§ Supplied records:

%%

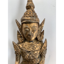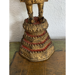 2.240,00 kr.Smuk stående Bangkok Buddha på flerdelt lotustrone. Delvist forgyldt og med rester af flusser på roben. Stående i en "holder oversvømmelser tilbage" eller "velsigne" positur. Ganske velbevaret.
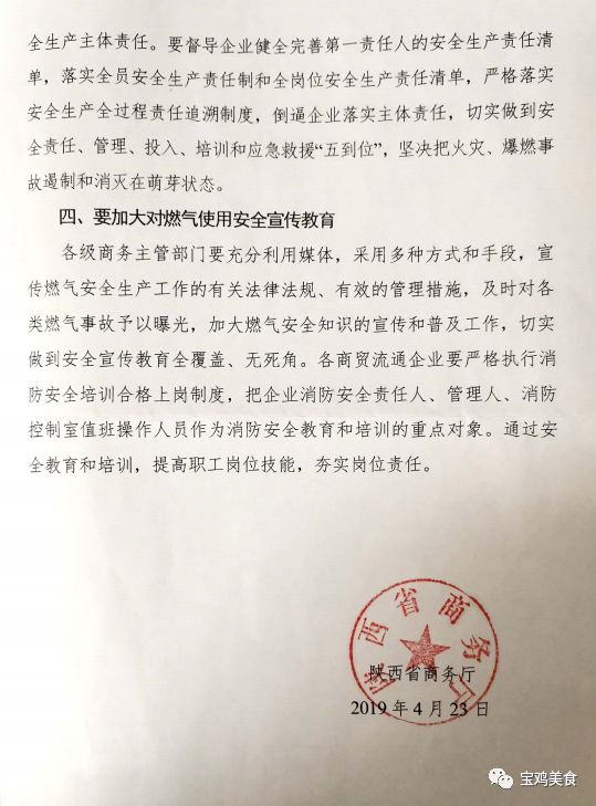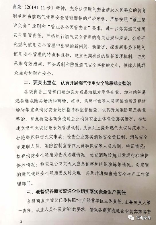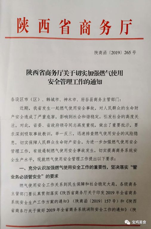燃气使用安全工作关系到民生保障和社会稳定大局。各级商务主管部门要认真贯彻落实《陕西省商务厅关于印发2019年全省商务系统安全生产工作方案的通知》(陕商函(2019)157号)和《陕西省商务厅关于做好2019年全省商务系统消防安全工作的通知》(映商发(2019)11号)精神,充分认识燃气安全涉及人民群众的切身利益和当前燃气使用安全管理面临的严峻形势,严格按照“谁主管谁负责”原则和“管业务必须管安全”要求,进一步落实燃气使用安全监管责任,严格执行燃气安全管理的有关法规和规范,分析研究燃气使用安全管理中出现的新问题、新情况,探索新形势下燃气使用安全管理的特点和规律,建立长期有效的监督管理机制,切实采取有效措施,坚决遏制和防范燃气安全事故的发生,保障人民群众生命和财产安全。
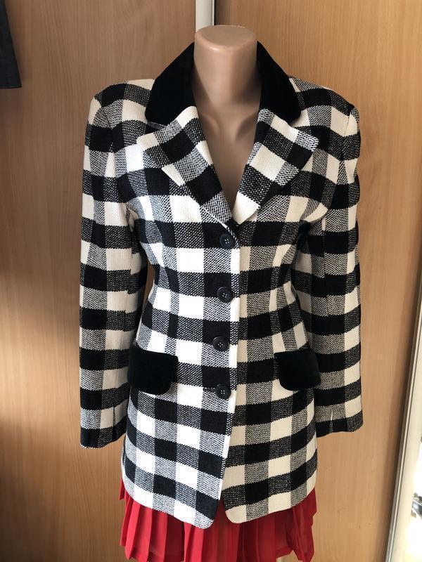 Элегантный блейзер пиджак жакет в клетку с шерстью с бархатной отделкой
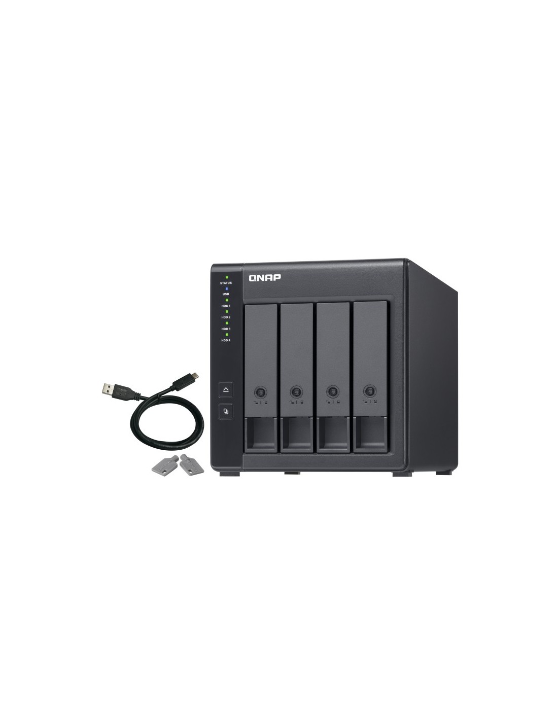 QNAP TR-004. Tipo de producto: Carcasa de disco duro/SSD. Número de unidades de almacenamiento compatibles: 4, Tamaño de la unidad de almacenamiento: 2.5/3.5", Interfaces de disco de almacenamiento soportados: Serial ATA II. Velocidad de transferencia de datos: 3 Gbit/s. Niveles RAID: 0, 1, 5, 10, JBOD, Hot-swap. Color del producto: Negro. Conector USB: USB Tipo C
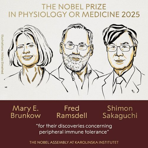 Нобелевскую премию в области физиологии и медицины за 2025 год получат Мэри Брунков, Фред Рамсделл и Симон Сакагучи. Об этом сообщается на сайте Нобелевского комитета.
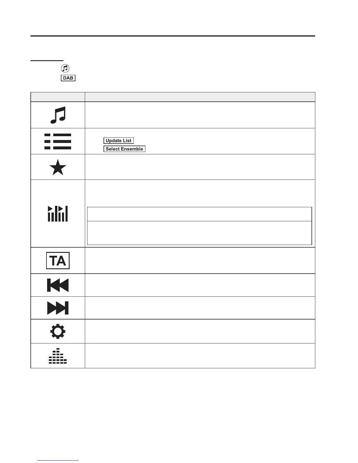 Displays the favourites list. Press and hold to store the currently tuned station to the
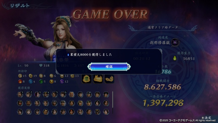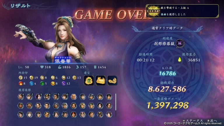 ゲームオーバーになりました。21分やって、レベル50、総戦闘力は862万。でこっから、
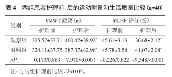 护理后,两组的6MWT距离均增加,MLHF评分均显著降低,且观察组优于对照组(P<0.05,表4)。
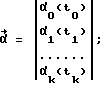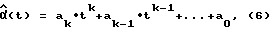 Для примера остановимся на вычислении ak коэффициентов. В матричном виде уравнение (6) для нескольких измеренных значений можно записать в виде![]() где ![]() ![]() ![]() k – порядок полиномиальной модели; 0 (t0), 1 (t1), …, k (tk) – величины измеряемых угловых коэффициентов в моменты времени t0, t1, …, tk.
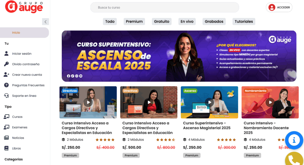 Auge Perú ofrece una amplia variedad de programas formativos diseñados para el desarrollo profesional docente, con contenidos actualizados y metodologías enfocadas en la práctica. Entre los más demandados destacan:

%%
%%

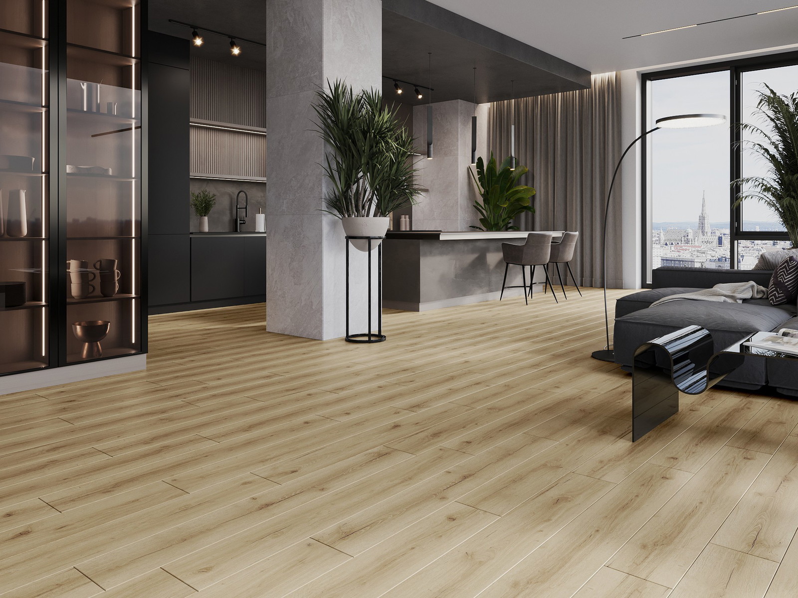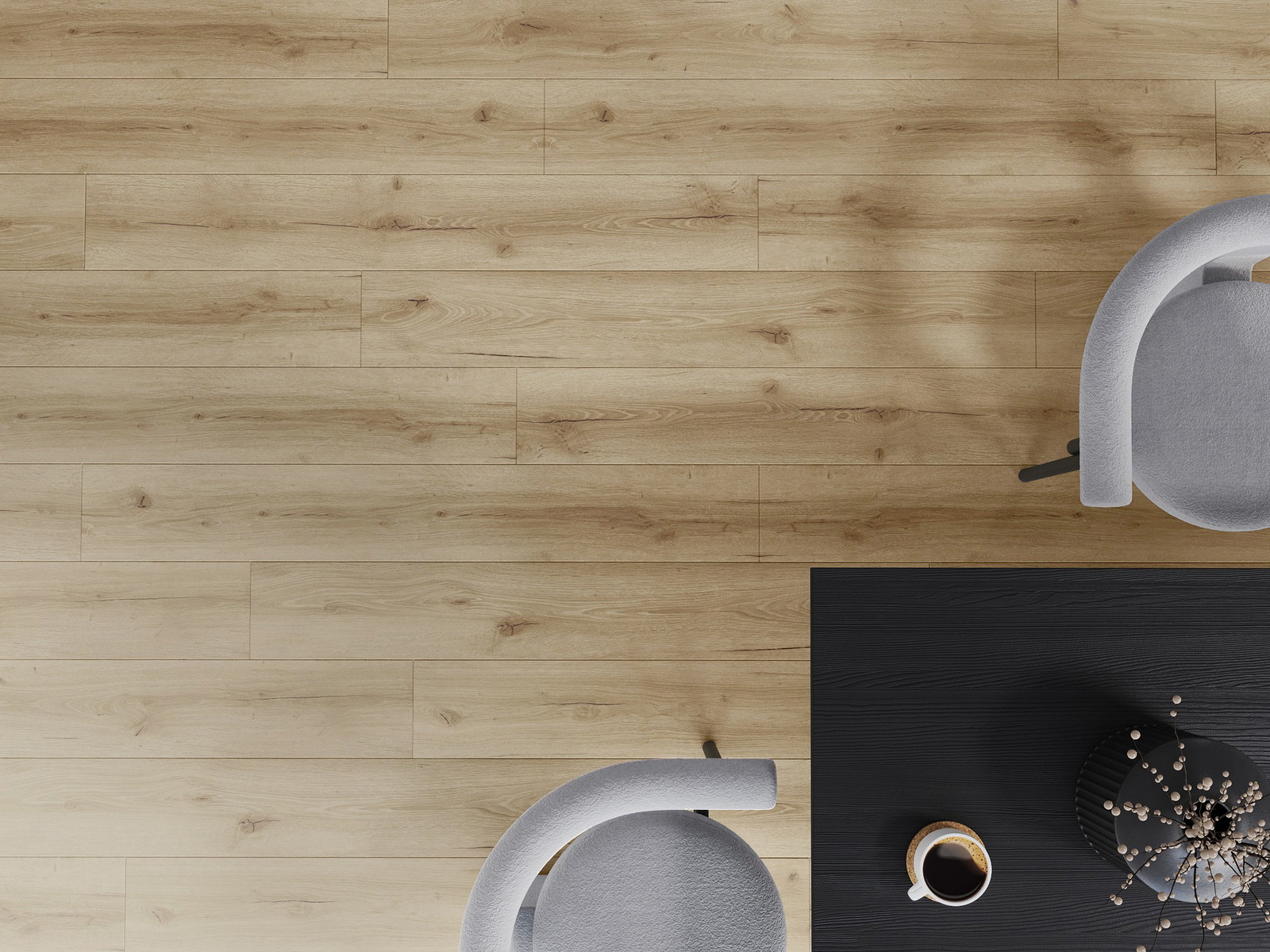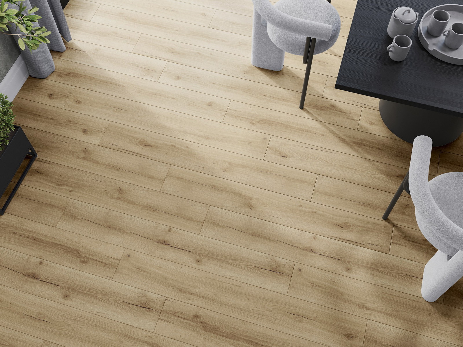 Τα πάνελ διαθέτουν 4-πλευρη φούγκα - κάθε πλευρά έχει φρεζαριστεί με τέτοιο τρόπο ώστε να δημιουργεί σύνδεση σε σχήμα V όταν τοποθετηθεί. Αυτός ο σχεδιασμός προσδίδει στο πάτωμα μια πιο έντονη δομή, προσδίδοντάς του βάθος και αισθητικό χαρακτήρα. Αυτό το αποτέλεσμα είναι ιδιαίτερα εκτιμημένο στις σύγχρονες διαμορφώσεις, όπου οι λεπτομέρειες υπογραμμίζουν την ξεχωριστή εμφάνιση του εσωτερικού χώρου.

%%

§ Work task: Everything above from the line containing "燃气使用安全工作关系到民生保" through the line containing "Элегантный блейзер пиджак" must be repeated exactly, and the pictures must be left out.

§ Response area:
燃气使用安全工作关系到民生保障和社会稳定大局。各级商务主管部门要认真贯彻落实《陕西省商务厅关于印发2019年全省商务系统安全生产工作方案的通知》(陕商函(2019)157号)和《陕西省商务厅关于做好2019年全省商务系统消防安全工作的通知》(映商发(2019)11号)精神,充分认识燃气安全涉及人民群众的切身利益和当前燃气使用安全管理面临的严峻形势,严格按照“谁主管谁负责”原则和“管业务必须管安全”要求,进一步落实燃气使用安全监管责任,严格执行燃气安全管理的有关法规和规范,分析研究燃气使用安全管理中出现的新问题、新情况,探索新形势下燃气使用安全管理的特点和规律,建立长期有效的监督管理机制,切实采取有效措施,坚决遏制和防范燃气安全事故的发生,保障人民群众生命和财产安全。
 Элегантный блейзер пиджак жакет в клетку с шерстью с бархатной отделкой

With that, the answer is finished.